**Work instruction**
Return, exactly and in full, the lines of the records below starting at the one with "- Fretboard and" and ending at the one with "<6966> 三井ハイテック 10900 +550 ( +5.3%) 4", and no other lines.

**Material for this exercise**
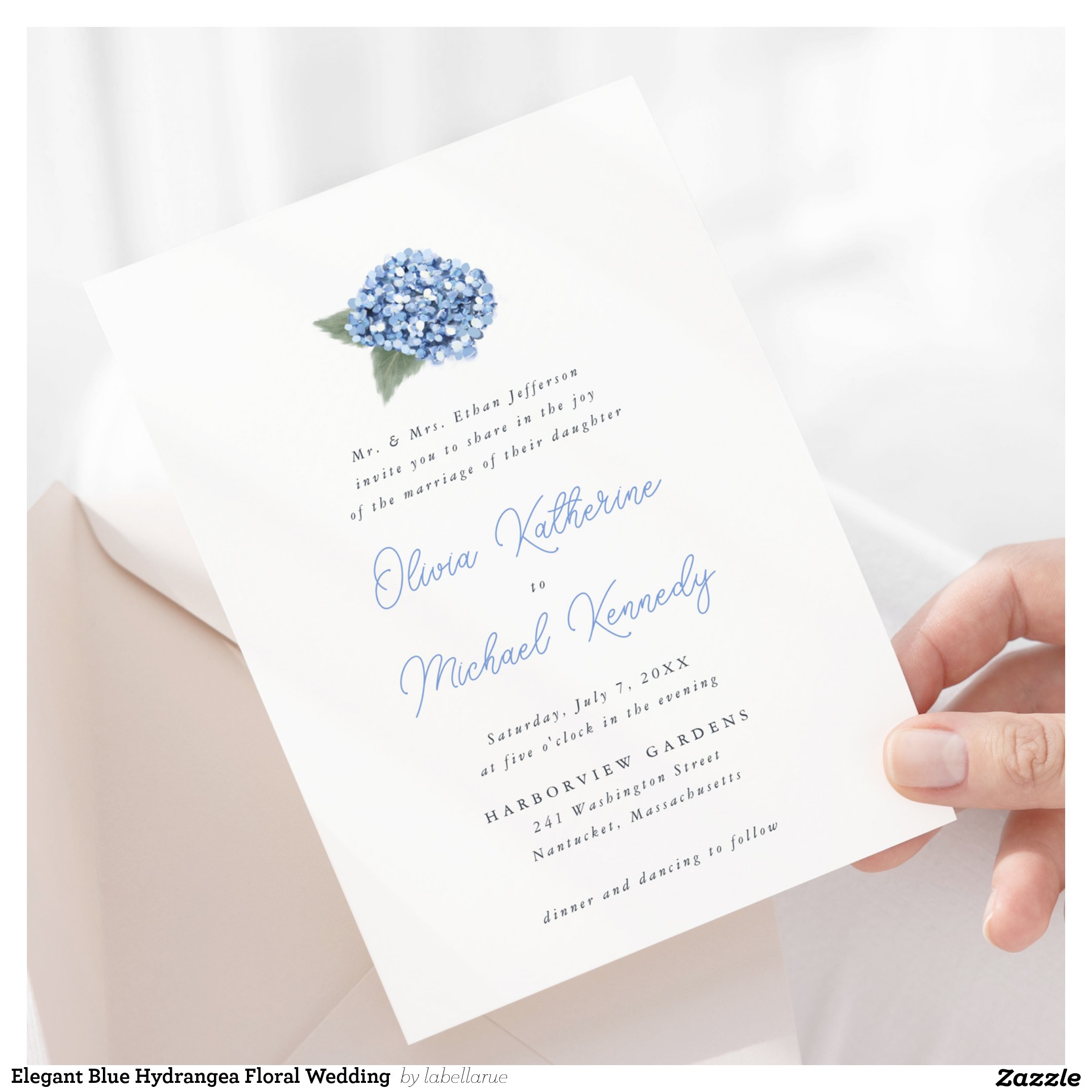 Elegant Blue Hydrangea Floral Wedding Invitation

---

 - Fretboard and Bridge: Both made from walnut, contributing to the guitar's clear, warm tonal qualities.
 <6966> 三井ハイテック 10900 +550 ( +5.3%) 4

**Output for this exercise**
 - Fretboard and Bridge: Both made from walnut, contributing to the guitar's clear, warm tonal qualities.
 <6966> 三井ハイテック 10900 +550 ( +5.3%) 4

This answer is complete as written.